Teaching Children How To Start & Manage A Business

Tomorrow is enterpreneur's day at Baby' school, so she's going to run a jewellery stall for a day. Essentially, the kids choose the merchandise they want to sell, borrow money from their parents to buy stock and pay R10 for the stall, develop promotional materials like posters and invite the general public to attend their fair.

On the day, the kids sell a variety of goods including curries, burgers, hot dogs, cakes and drinks, as well as jewellery and many other things primary school kids find interesting.

As far as I'm concerned, buying stock is the hardest part of the job.
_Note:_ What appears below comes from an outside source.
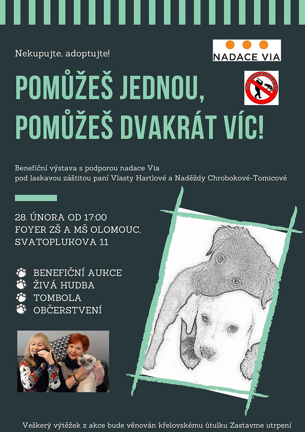 Výtěžek z prodeje obrazů, výtvarných děl, plyšových hraček a kreativních nápadů, které vytvořili nejen sami žáci, ale rovněž učitelé, rodiče či děti navštěvující mateřskou školu, bude věnován spolku Zastavme utrpení, které se věnuje týraným psům a kočkám. Nad benefiční výstavou přijaly patronát herečky Moravského divadla Olomouc paní Vlasta Hartlová a Naděžda Chroboková-Tomicová, které oslovili žáci přímo v divadle.

We visited a number of wholealers, argued about whether the stuff she wanted could be sold at profit, discussed the profit margin we wanted and calculated it, then had to work out if we would pay that amount of money for cheap jewellery.
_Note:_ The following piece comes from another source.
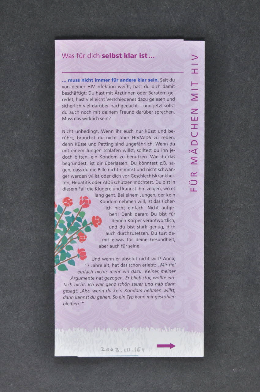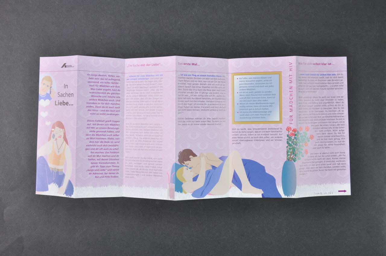 "Die Sache mit der Liebe"... // // Das erste Mal... // // Was für dich selbst klar ist... // // Wenn du so richtig verliebt bist... // // Du bist nicht allein... // // Information, Beratung und Hilfe... // // Lesestoff // // Impressum (En violet sur les deux faces.), à l'intérieurFUR MÄDCHEN MIT HIV (Visible depuis la couverture sur les deux côtés mais sur le quatrième volet de la face supérieure et sur le troisième de la face inférieure.), sur la couvertureDécor

The selling part will be easier: last year Baby showed me that she did have the makings of a good salesperson. She had no qualms walking around the "fair" hawking stuff and encouraging students to go to her stall. I even heard her negotiate for a discount to encourage a mother to buy 3 pairs of ear-rings, instead of one. I was so proud!

After the fair, the kids who made a profit are upposed to pay back their parents their seed money and donate 10% of their profits to charity. I can't think of a better way to teach children about how to start and manage your own business.


po said...

That's pretty awesome. That kind of thing was seriously lacking in SA schools when I was small, we were taught to obey, not to be entrepreneurial.

Tamara said...

I remember our entrepreneurship days. I used to sell these butterfly fridge magnets. They were always popular. It use dto make me bleak that all our profit went to charity ;-) It was a good way to teach us not to be selfish either, especially when we were read the thank you letters from the charities in assembly.

Damaria Senne said...

Baby's school has a questionnaire at the end of the event, where they ask the kids if the event was worth it. The interesting thing for me was that she didn't even eem to think about it - she had fun selling and socialising and buying junk from friends, and still made money. Of course it was worth it.